Work task => The reply should contain all the data below, repeated exactly, and none of the images.

Exercise data =>
**********

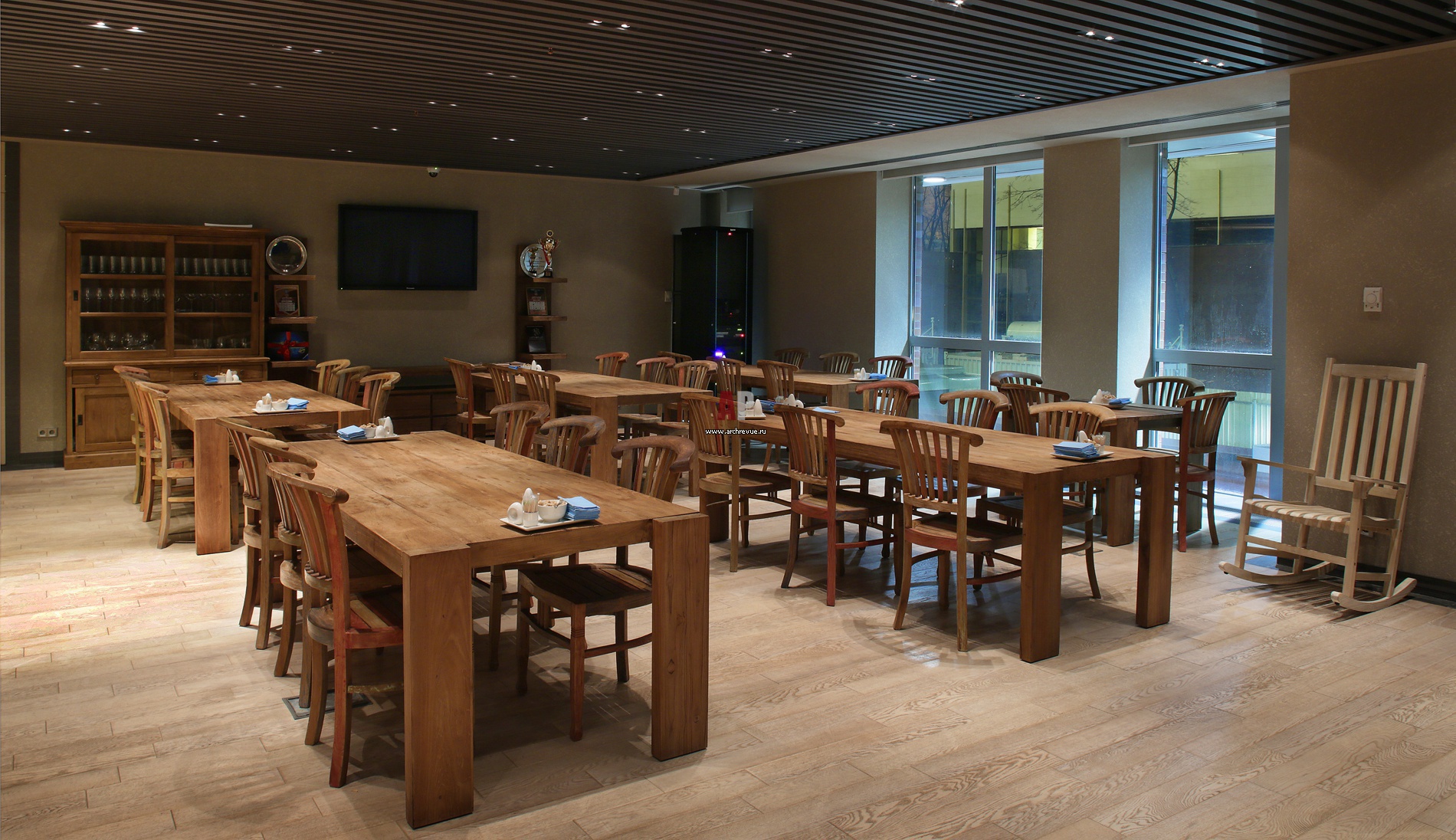 Кафе для сотрудников. Деревянный реечный потолок сочетается с «основательной» мебелью из натурального тика. Деревянные массивные буфеты с посудой создают домашнюю обстановку.
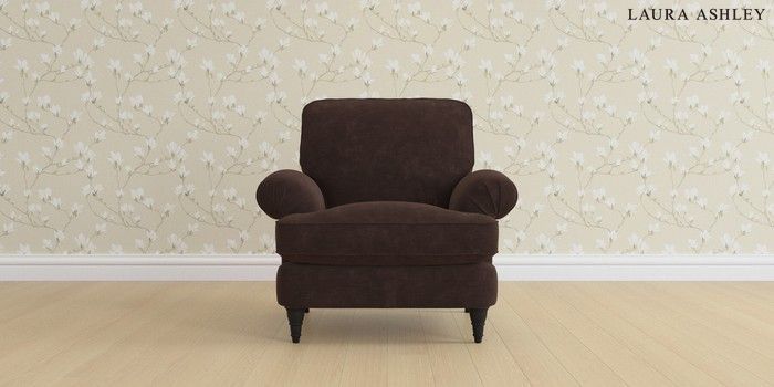 6.12.1 Buy Beaumaris by Laura Ashley Armchair Alwyn Velvet Chocolate Brown Low Turned - Black from the Laura Ashley online shop Click here to use our website with more accessibility support, for example screen readers
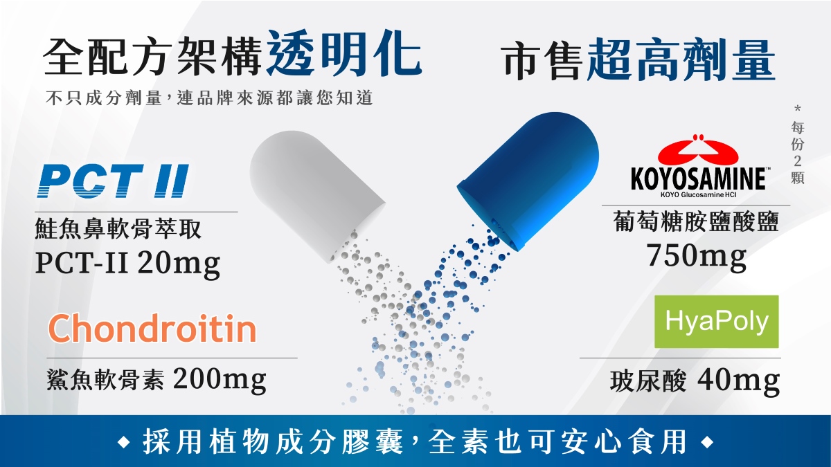 每份2粒,含PCTII鮭魚鼻軟骨萃取(非變性二型膠原蛋白)20mg、美國鯊魚軟骨素200mg、Koyosamine®葡萄糖胺鹽酸鹽750mg、玻尿酸40mg

**********

Result for this task =>
 Кафе для сотрудников. Деревянный реечный потолок сочетается с «основательной» мебелью из натурального тика. Деревянные массивные буфеты с посудой создают домашнюю обстановку.
 6.12.1 Buy Beaumaris by Laura Ashley Armchair Alwyn Velvet Chocolate Brown Low Turned - Black from the Laura Ashley online shop Click here to use our website with more accessibility support, for example screen readers
 每份2粒,含PCTII鮭魚鼻軟骨萃取(非變性二型膠原蛋白)20mg、美國鯊魚軟骨素200mg、Koyosamine®葡萄糖胺鹽酸鹽750mg、玻尿酸40mg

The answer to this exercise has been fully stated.